In 1066 the manor of Little Gransden was worth £15 a year. By 1086, owing to Ely's troubles after the Conquest, its value had fallen to £8 a year. There was only one plough on demesne land that could employ three, and 30 pigs when the woods could feed 60. Half the vill, 2½ out of 5 hides, was included in the demesne on which four servi worked. The rest of the manor was divided among 8 villani, and 3 bordars with 10 acres each, who had 6 ploughs between them to supplement the demesne team. There was demesne meadow enough for 3 plough-teams. (fn. 109)
By 1222 (fn. 110) the expansion of cultivation and division of holdings had reduced the demesne to a smaller proportion of the arable and greatly increased the number of those available to work it. Almost all the 1,600 a. of the parish, except the village crofts, 60 a. of common pasture, 72 a. of wood, and some 40 a., possibly assart, which the bishop had inclosed between the woods as several pasture, was included in the open fields, which were already subdivided by balks, ways, and ditches. Some demesne lay in large parcels, e.g. of 67 a. and 85 a., but much was scattered in small parcels of 5 to 10 a. Later that 'berry land', as it was called c. 1600, was believed to have been ploughed in a ratio of 3 lands to the acre and not 2, as was the case with the peasant holdings. The medieval layout of the fields appears partly from comparing the extents with later material. The common lay along the boundary with Longstowe, between the Cambridge way and the north end of the east field, which stretched to the edge of Great Gransden. West of the village was another field, called in the south Fyfsheetes and Longhey, in the north Stocking, probably from the clearing of woodland. A third field lay south of the village.
The layout probably altered little until inclosure. The east field, by 1600 called Mill field, covered the north-east of the parish, except the common, from the Great Gransden boundary to Magotpit Dene, probably the line of the midmost waterchannel from the common down to the brook. Littlehound (later Hound Wood) field reached south from the dene to the border with Hatley St. George. It met Stocking field, which covered the western third of the parish, along a boundary running from the southern end of the village. The 17th-century glebe terriers show that the strips in those fields lay mostly north and south, except in that part of Littlehound field north of Cambridge way.

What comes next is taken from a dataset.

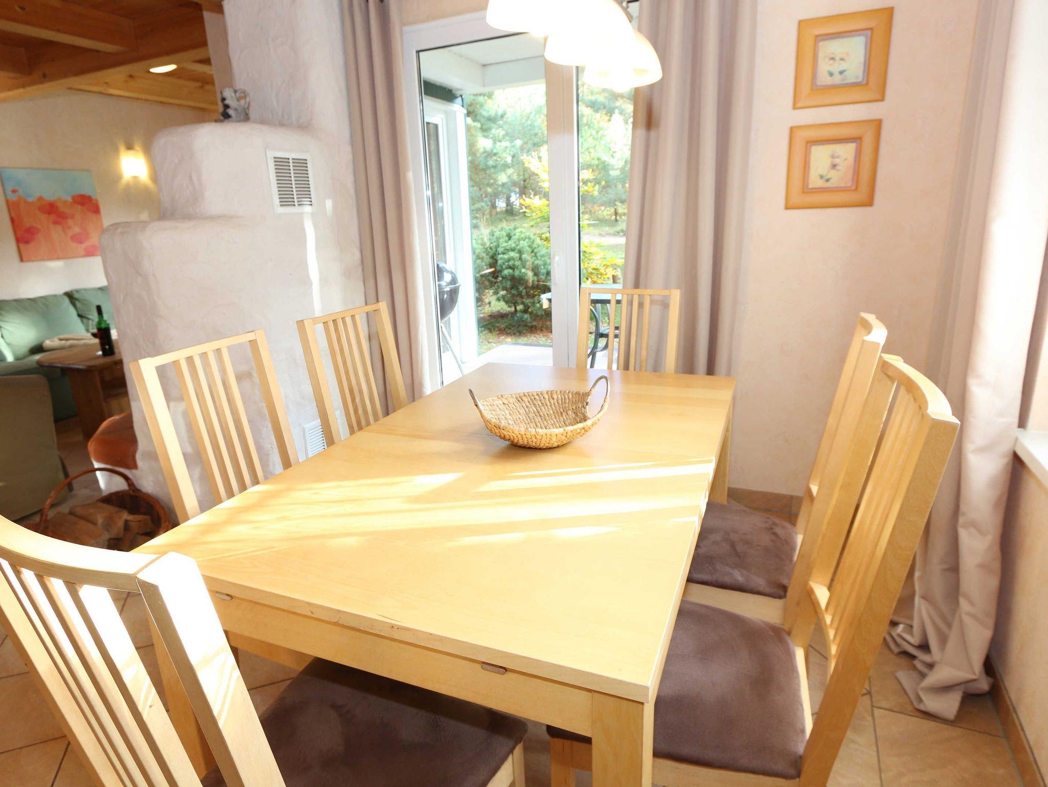 Herzlich Willkommen in unserem Strandhaus im schönen Ostseebad Baabe auf Rügen! Unser 70 m² großes alleinstehendes Standhaus im Schwedenstil (Nichtraucher, 2 bis 6 Erwachsene + 1 Kleinkind bis 3 Jahre im Kinderreisebett) liegt sehr nah am Strand, direkt im Dünenwald von Baabe. Das Holzhaus ist gemütlich mit viel hellem Naturholz eingerichtet und gleichzeitig modern, komfortabel und voll ausgestattet. Dazu zählen wir sowohl die moderne Komfortküche mit Ceran-Herd, Backofen, Mikrowelle, Geschirrspüler, Kühlschrank mit Eisfach, Getränkekühlschrank, Kaffeemaschine, Wasserkocher, Toaster, Reinigungsutensilien und mehr als auch den Wohnkomfort einer Fußbodenheizung, der LCD-Fernseher in HD-Qualität, Satelliten-Anschluss für hohe Programmvielfalt und ein DVD-Player mit Radio. Ein gemütlicher großer Wohnbereich und Kamin (Kaminholz inklusive) mit Sichtfenster rundet unsere Einrichtung ab. Und damit Sie Ihren Urlaub bei uns ganz entspannt genießen können, sind alle Kosten für Strom, Wasser und Heizung sowie das WLAN bereits im Preis inklusive! Das Haus verfügt über insgesamt drei Schlafzimmer im Obergeschoss. Zwei Schlafzimmer sind mit Doppelbett (2 x Boxspringbetten je 0,80 m x 2,00 m zusammengestellt) und Kleiderschrank ausgestattet und bieten ausreichend Platz für 1 zusätzliches Kinderreisebett (inklusive Matratze). Das dritte Schlafzimmer verfügt über zwei Boxspringbetten (je 0,80 m x 2,00 m) ? die man auch zusammenstellen kann und Kleiderschrank Im Erd- sowie im Obergeschoss befinden sich je ein Tageslicht-Bad mit großem Spiegel, WC, Dusche und Haartrockner. Am Wohn-/ Essbereich schließt sich die überdachte Terrasse (Süd/Ost) mit Tisch, Stühlen und Gartengrill an. Von dort blicken Sie direkt zur Düne, hinter der sich der weiße Sandstrand anschließt. Ein Waschhaus mit Waschmaschine steht Ihnen zur Nutzung (inklusive) zur Verfügung. Ein eigener PKW-Stellplatz Nr. 17b gehört zum Strandhaus. Haben Sie ein Haustier, das Sie mitbringen möchten? Gerne ist dies gegen eine Gebühr möglich. In unserem Backshop selbst erhalten Sie In der Saison täglich frisch: Brötchen, Lebensmittel, Tageszeitungen, Frühstück, Kaffee & Kuchen und mehr (Schließzeiten immer vom 07.01. - 1 Woche vor Ostern). Die Erstausstattung eines Wäschepaketes (komplette Bettwäsche, 1 Duschhandtuch, 2 kleine Handtücher) können Sie bis 14 Tage vor Anreise gegen einen Aufpreis dazu buchen oder durch eigene ergänzen. Ab 2 gebuchten Paketen erhalten Sie einmalig 1 Geschirrhandtuch und 1 Duschvorleger hinzu. Wir freuen uns auf Ihren Besuch!
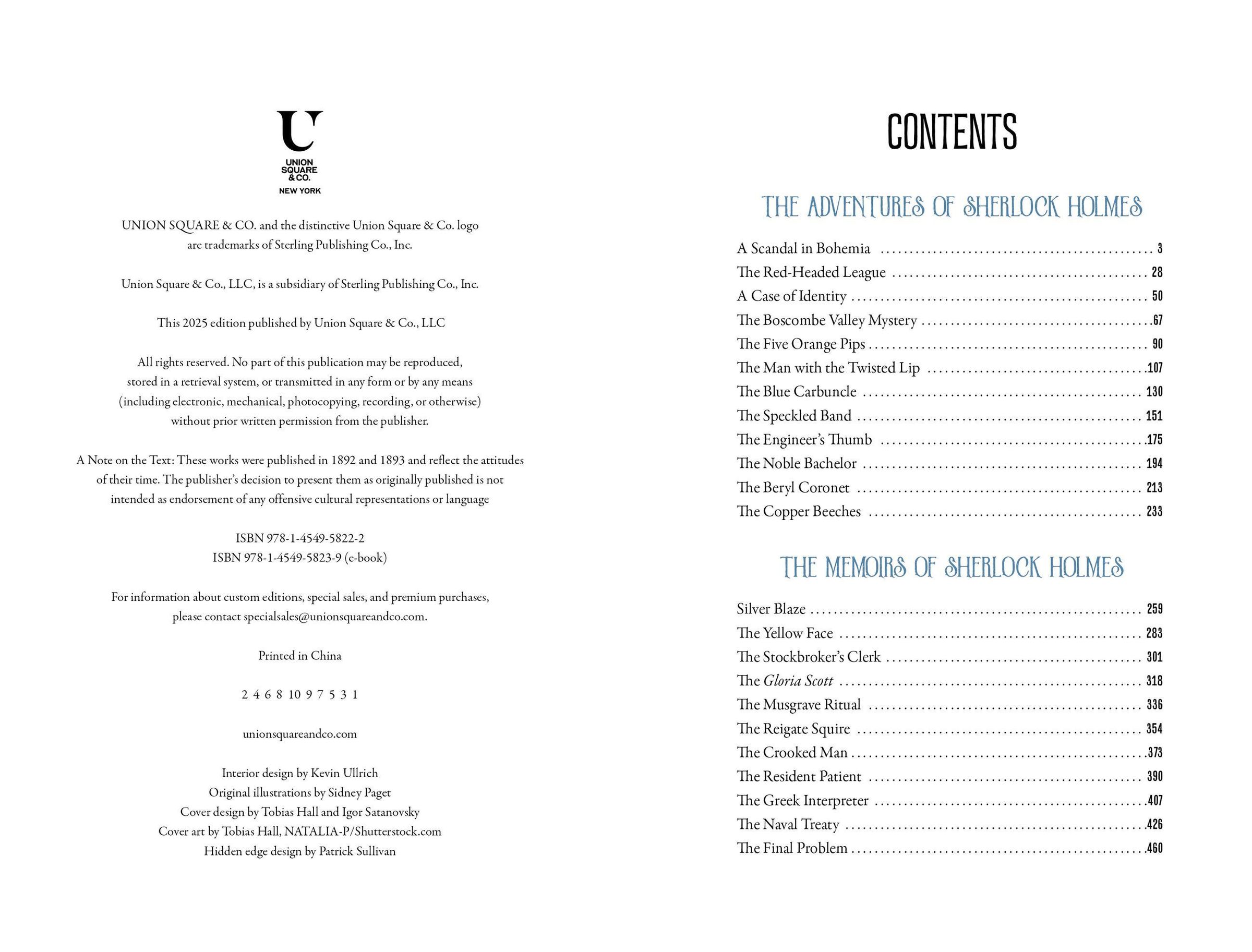 Here, in one volume, are The Adventures of Sherlock Holmes and*The Memoirs of Sherlock Holmes.*This brilliant collection features the original Sidney Paget illustrations, endpapers featuring a Victorian map of London, and hidden edges that will be fun for any sleuth-minded reader!

In 1222 and 1251 the demesne accounted for 510 a. and 518 a. respectively of the arable. The remainder was divided into 28 virgates, probably of 30 a. each, 3 smaller plots of 5 a., possibly representing the Domesday bordars', and the oneacre holdings of 14 cottars. By 1222 11 virgates had each been sub-divided between two tenants. The villein virgaters, being tenants of an ecclesiastical lord, had still to perform substantial services, doing two week-works throughout the year, and five in August and September. They had to plough ½ a. each Friday, except in harvest-time. By 1222 however, their week-works were already by custom restricted to measured amounts of such tasks as threshing, digging, or reaping. In other tasks, such as hoeing or spreading dung, they could stop work at noon. They had also to pay rents in kind and in cash, such as 'witepund', also 'Londonelade', possibly in commutation of carrying-services to London. They had still, as their turn came, to perform average, carrying the bishop's goods to his neighbouring manors or to the markets at Cambridge, Huntingdon, St. Ives, and St. Neots. Virgaters also owed suit of mill, though not foldsoke, and had to pay tallage and a heriot of their second best beast or 30d. Those holding only 5 a. did only two week-works, the cottars only one. They were excused harvesting, mowing the lord's meadow, and the Friday ploughing. All the tenants had to come with all their plough-beasts to three ploughing-boons each year, to help to carry the lord's hay, and to bring 4 or 2 men, in proportion to the size of their holdings, to do three boon-works (one a 'lovebene') to reap his harvest.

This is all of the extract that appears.